LeBron has picked up the load in Wade's absence, but it's not just "a little bit more." To illustrate Wade's effect on LeBron's game, consider this factoid from ESPN Stats & Information:
In the past two seasons, LeBron has scored 25.2 points per 40 minutes with Wade on the floor, but LeBron has scored 35.0 points per 40 minutes with Wade on the bench.
And LeBron isn't the only former No. 1 option to see his touches go up when Wade leaves the floor. Bosh, too, sees a big jump in scoring when Wade sits. In fact, Bosh sees his per-40-minute scoring rate rise from 19.8 points to 24.8 points when Wade checks out. It might be half the boost that LeBron enjoys, but it's still an enormous jump.
To go one step further, LeBron also watches his player efficiency rating (PER) skyrocket when Wade rides the pine. With Wade, LeBron's PER stands at 25.3. Without him on the court, it is a mind-boggling 34.9. Remember, the typical NBA player posts a 15.0 PER, and the best that Michael Jordan ever put together was a 31.7 figure. In fact, if we just look at LeBron's PER this season without Wade, it checks out at 38.3, which nearly breaks the PER machine.
What explains the huge boost? Shots are important. You can't score without field goal attempts -- unless you're Dwight Howard against the Warriors. When we look at LeBron's numbers without Wade, we see that his field goal attempts rise from 17.0 per 40 minutes to 25.5 per 40 minutes. Additionally, his free throw attempts average rises from 8.2 to 10.8 every 40 minutes. Evidently, when Wade steps off the floor, LeBron doesn't just go into Cleveland mode; it's more like "Cleveland, Game 5 against Detroit in the 2006-07 playoffs" mode.
But let's take a step back for a moment. LeBron's production without Wade is off the charts, but is that necessarily a good thing? Put another way, does LeBron's individual production translate to team success?

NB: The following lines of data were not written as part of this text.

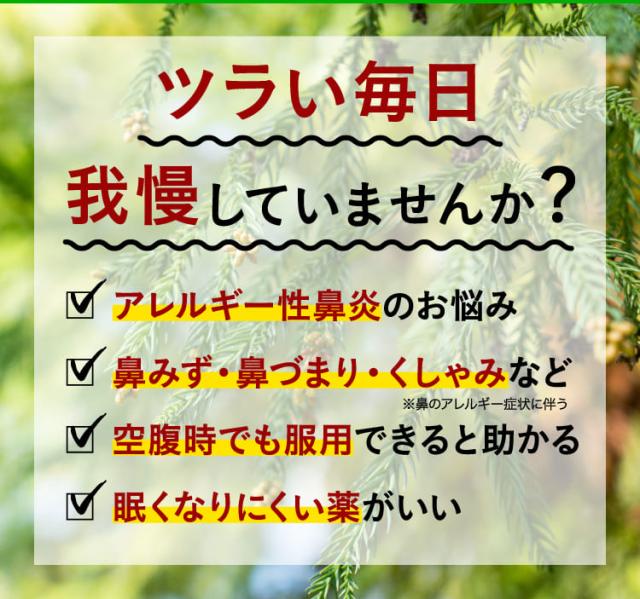 (2) 花粉などの季節性のアレルギー性鼻炎症状に使用する場合は、花粉飛散予測日から、又は、症状が出始めたら早めに服用を始めると効果的です。
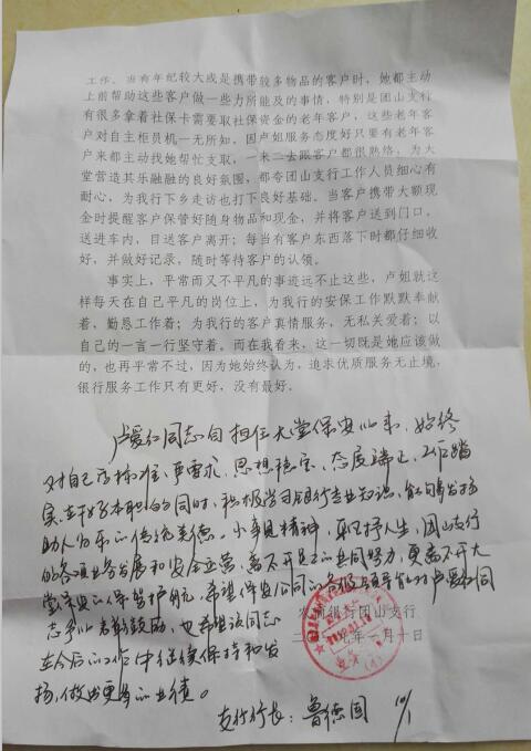 在客流量較多時地能主動鋪助大堂經(jīng)理完成客戶的分流和引導工作,當有年紀較大或是攜帶較多物品的客戶時,她都主動上前幫助這些客戶做一些力所能及的事情,特別是團山有很多拿著社??ㄐ枰∩绫YY金的老年客戶,這些老年客戶對自主柜員機一無所知,因盧姐服務態(tài)度好只要有老年客戶來都主動找她幫忙支取,一米二去跟吝戶都很熟絡,為大堂營造其樂融融的良好氛圍,都夸團山支行工作人員細心有耐心,為我行下鄉(xiāng)走訪也打下良好基礎。當客戶攜帶大額現(xiàn)金時提醒客戶保管好隨身物品和現(xiàn)金、并將客戶送到門口送進車內(nèi),日送客戶離開;每當有客戶東西落下時都仔細收好,并做好記錄,隨時等待客戶的認領
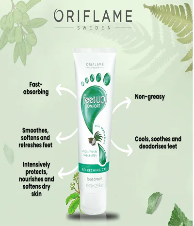 foot creams oriflame thick, revitalizing cream that softens and smoothes tough, dry skin. Contains genuine Shea and Eucalyptus oil in a non-greasy, quickly absorbing composition.

This is where the "Heat are better off without Wade!" argument goes off the rails. Since LeBron joined Miami, the Heat's offense has flourished with Wade and LeBron on the court together, even if the narratives don't see it that way. With the dynamic duo sharing the court, the Heat have scored 112 points per 100 possessions. LeBron alone? Drops to 104.1 points.
Overall, the Heat have outscored opponents by 11.9 points per 100 possessions when LeBron and Wade play alongside each other and "only" 6.3 points per 100 possessions when LeBron plays without Wade.

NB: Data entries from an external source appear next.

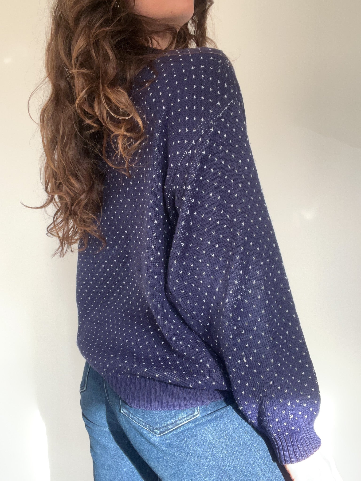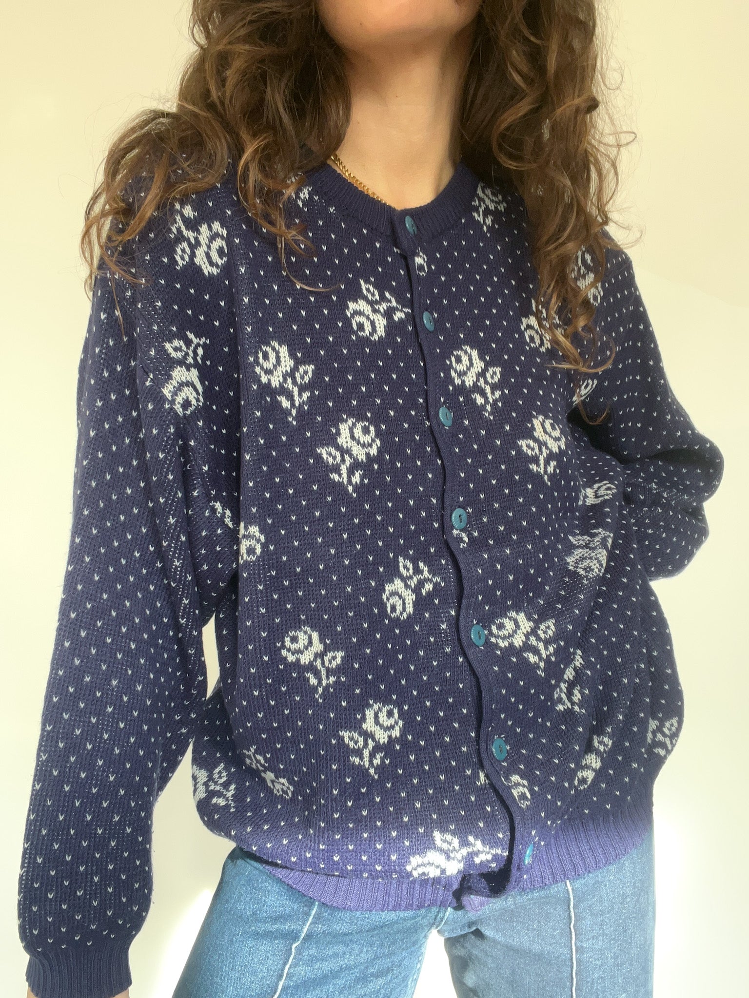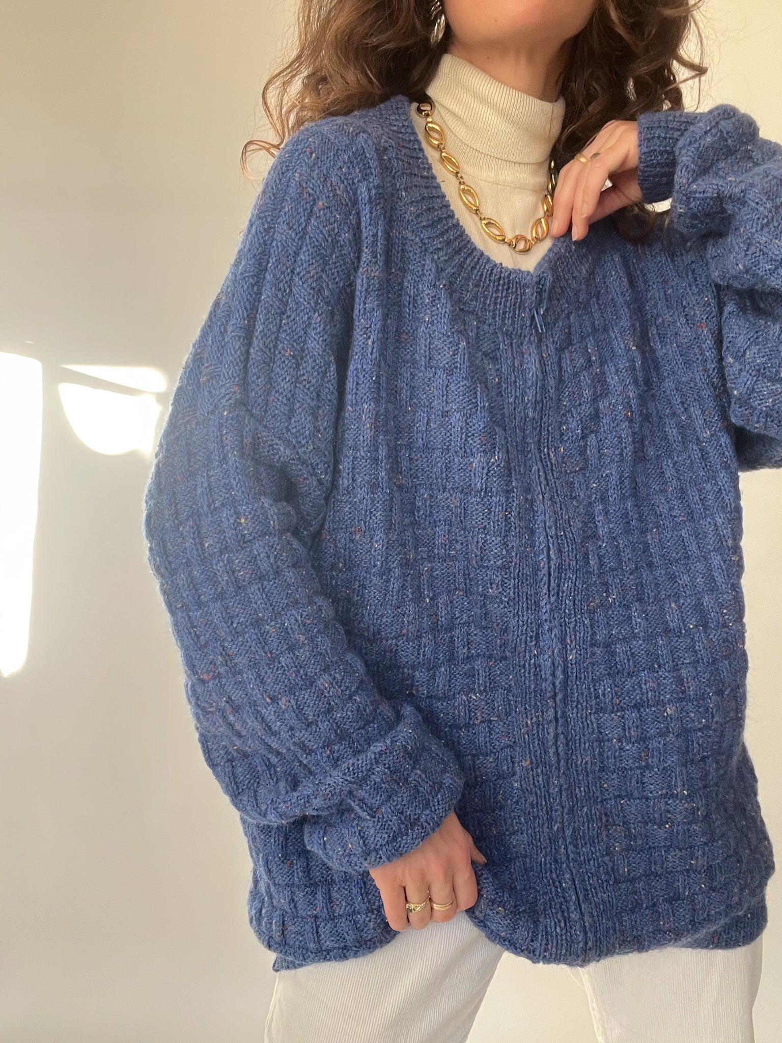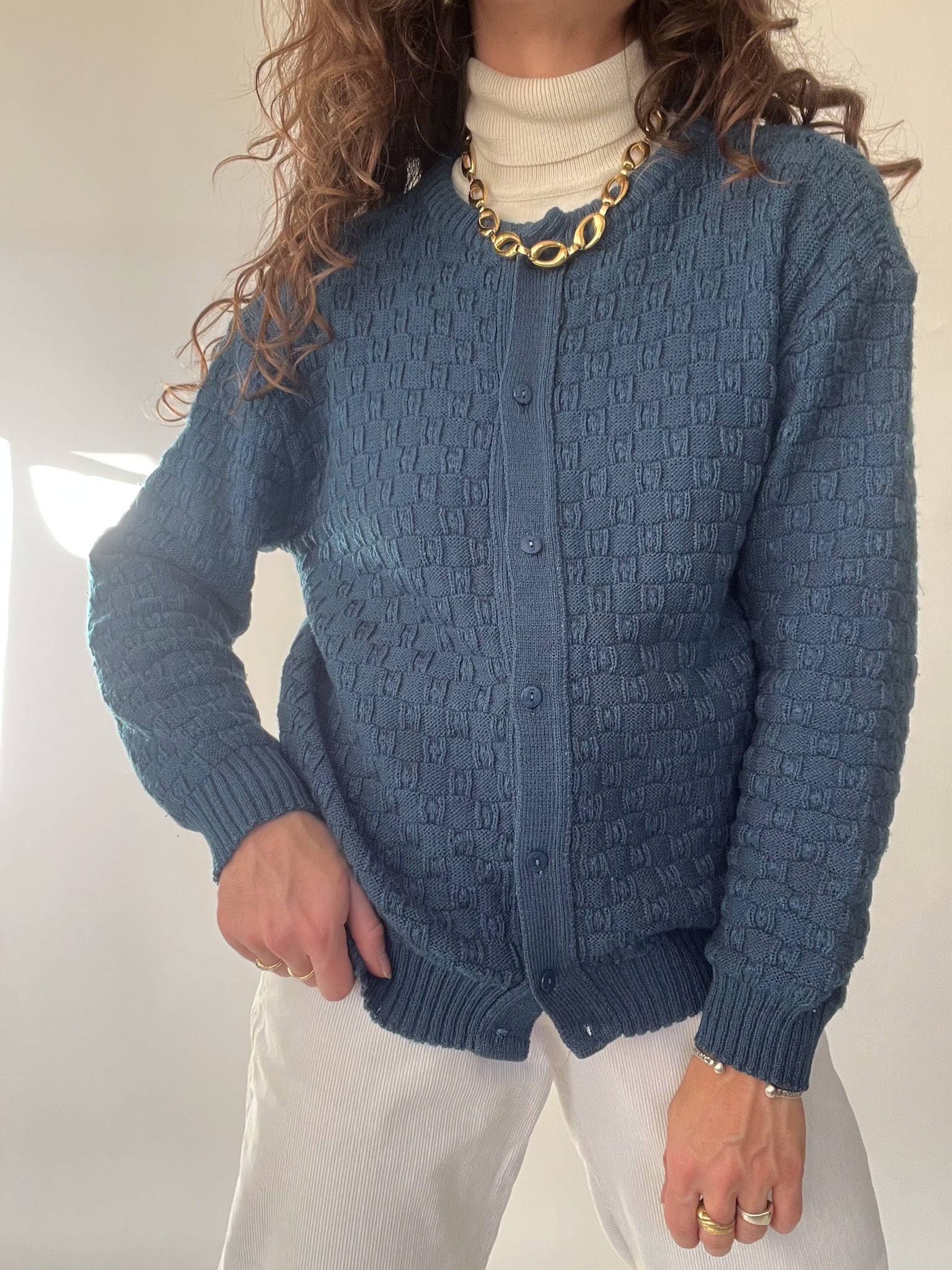 Vintage 80’s Oversized Blue Textured Knit Zip Cardigan
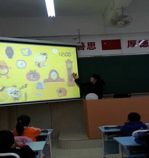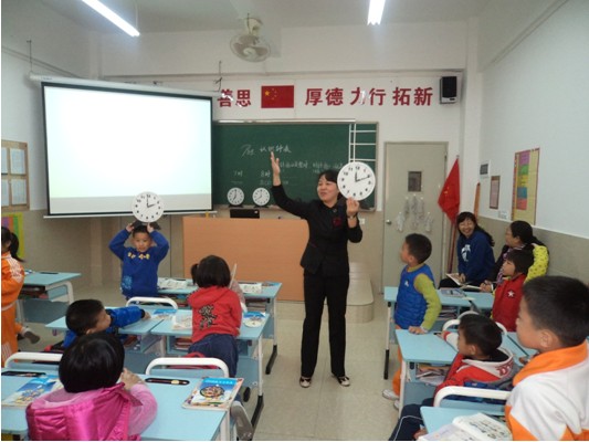 12月11日上午,黄广小学数学教师胡波执教的《认识钟表》数学公开课在一(12)班举行。
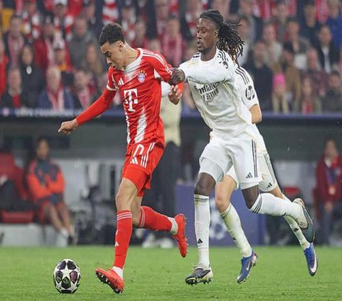 第6分鐘,拜仁開出角球,帕夫洛維奇頭球破門,拜仁總比分3比2領先;第30分鐘,皇馬獲得任意球,居萊爾的射門直掛死角,總比分又一次被扳平;第38分鐘,于帕梅卡諾斜塞禁區,凱恩抽射,總比分變成4比3;第42分鐘,皇馬快速轉換,維尼修斯左側突入禁區,皮球送到拍馬趕到的姆巴佩腳下,后者一蹴而就……整個上半場兩支球隊都完美詮釋了自己的進攻能力,尤其是皇馬,在數據不占優的情況下,始終在進球上領先一步,單場3比2,總比分4比4,客場逆風翻盤看上去并非不可能。

That's a lot of numbers, but conclusion is important: LeBron might be better off without Wade, but the team isn't. And LeBron knew this when he made "The Decision" to come to Miami and play next to two other stars. He sacrificed his personal numbers for a better chance to win it all.
It's also true that the Heat are 3-0 with Wade sidelined this season, but one of those wins came against the Nets, which -- let's be honest -- shouldn't really count. Interestingly enough, the Heat have performed slightly better with Wade on the bench this season, but that probably has as much to do with his playing on gimpy legs as anything. If we expand the sample size to last season, we see that the Heat aren't any better off with Wade out of the picture. It's clear that the Heat need Wade on the floor if they want to win the championship.
Or, perhaps I should say the Heat need a healthy Wade on the floor if they want to win the championship.